Fly stocks and maintenance
Stocks were maintained on standard Archon Scientific glucose fly food at 25°C on a 12-h light/dark cycle. The w-;; eya composite-GAL4 and w-;eya composite-GAL4/CyO;+ lines were a gift from Justin Kumar (Indiana University Bloomington) and were characterized previously [38]. Drosophila orthologues of candidate genes were determined using DIOPT, requiring a score ≥6 [70]. RNAi lines used in this study were ordered from the Bloomington Drosophila Stock Center and the Vienna Drosophila Resource Center (Line IDs in S3 Data).
To create double knockdown flies, either w-; GPI RNAi/CyO;eya-GAL4/TM3, Sb or w-;eya-GAL4/CyO; GPI RNAi/TM3, Sb was crossed to either the candidate modifier RNAi lines or the equivalent control lines (attP40, attP2, attP, w1118) selecting progeny that were negative for both CyO and TM3, Sb balancers.
Eye imaging and quantification
Adult female flies aged 3–5 days were collected under CO2 anesthesia then frozen at -80°C for later imaging. Eyes were imaged at 3x magnification using the Leica EC3 Camera. Eye area was measured as previously described [14,71].
qPCR
Knockdown efficiency for each RNAi line used was tested using qPCR. RNAi lines were crossed to a Tubulin-GAL4/Sb, Dfd-YFP driver (BDSC: 5138) to test full-body knockdown amounts. 5–8 adult female flies aged 3–5 days old were collected, and RNA was extracted using a Direct-zol RNA Miniprep (Zymo Research R2061) using TRIzol Reagent (ThermoFisher Cat # 15596026) and including the DNAse step. RNA was converted to cDNA using a ProtoScript II First Strand cDNA Synthesis Kit (NEB Cat # E6560L). RT-qPCR was performed using a QuantStudio 3 96-well 0.2 ml block instrument and PowerUp SYBR Green Master Mix (ThermoFisher Cat # A25741). If Tubulin driving the RNAi line was adult lethal, 5–10 YFP-negative larvae were used. If available, we used primers from the FlyPrimerBank [72] located at http://www.flyrnai.org/flyprimerbank. Other primers were designed using Primer3Plus [73] located at www.primer3plus.com. All primer sequences listed in S3 Data.
Supporting information
S1 Fig.
A) Clade of species used to calculate ERC values. Data was collected from mammals, vertebrates, flies, worms, and yeast. B) Histogram of all 180,112,645 values in the ERC dataset. Pairwise ERC values for 19,149 proteins. Values range from -10.73 to 19.30 with an average of 0.115. Red line shows significance cut-off (> = 3).

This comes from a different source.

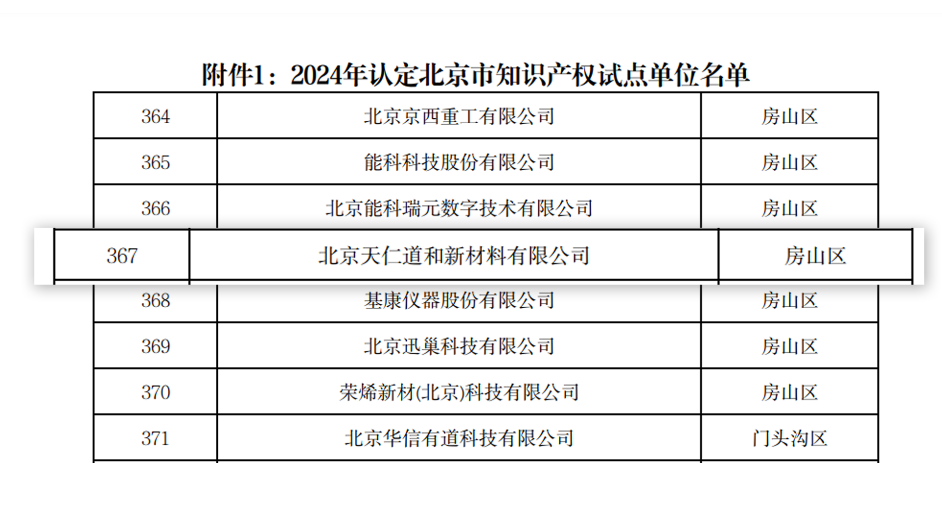 天宜上佳子公司天仁道和首次參評即獲“北京市知識產(chǎn)權(quán)試點(diǎn)單位”認(rèn)定。天仁道和作為國家及中關(guān)村高新技術(shù)企業(yè),北京市專精特新小巨人企業(yè),致力于成為提供先進(jìn)復(fù)合材料解決方案的強(qiáng)軍強(qiáng)國龍頭企業(yè)。天仁道和始終將創(chuàng)新視為企業(yè)發(fā)展的核心動力,高度重視知識產(chǎn)權(quán)工作,不斷完善相關(guān)管理制度,加大研發(fā)投入,積極培育自主知識產(chǎn)權(quán)。

https://doi.org/10.1371/journal.pgen.1011406.s001
(JPG)
S2 Fig. Heatmap of all significant pairwise ERC values of glycosylation proteins (ERC > 3).
Proteins are sorted in pathway order with different glycosylation categories shown along the axes.
https://doi.org/10.1371/journal.pgen.1011406.s002
(JPG)
S3 Fig. Histogram of average ERC values from 100,000 permutations of random proteins across the dataset.
Average ERC of all glycosylation proteins indicated by red line.
https://doi.org/10.1371/journal.pgen.1011406.s003
(JPG)
S4 Fig.
Heatmaps showing significant (>3) pairwise ERC scores between proteins involved in A) N-linked glycosylation, B) O-linked glycosylation, and C) Other.
https://doi.org/10.1371/journal.pgen.1011406.s004
(JPG)
S5 Fig.
Heatmap showing significant (>3) pairwise ERC scores between proteins involved in A) GPI anchor synthesis and N-linked glycosylation, B) O-linked glycosylation and GPI anchor synthesis, C) O-linked glycosylation and N-linked glycosylation, D) GPI anchor synthesis and Other, E) N-linked glycosylation and Other, F) O-linked glycosylation and Other.
https://doi.org/10.1371/journal.pgen.1011406.s005
(JPG)
S6 Fig. Histogram of average ERC values from 100,000 permutations of random proteins across the dataset.
Average ERC of tested proteins indicated by red line. A) GPI anchor synthesis and N-linked glycosylation, B) GPI anchor synthesis and O-linked glycosylation, C) N-linked glycosylation and O-linked glycosylation, D) GPI anchor synthesis and Other glycosylation, E) N-linked glycosylation and Other, F) O-linked glycosylation and Other glycosylation.
https://doi.org/10.1371/journal.pgen.1011406.s006
(JPG)
S7 Fig. Histogram of average ERC values from 100,000 permutations of random proteins across the dataset.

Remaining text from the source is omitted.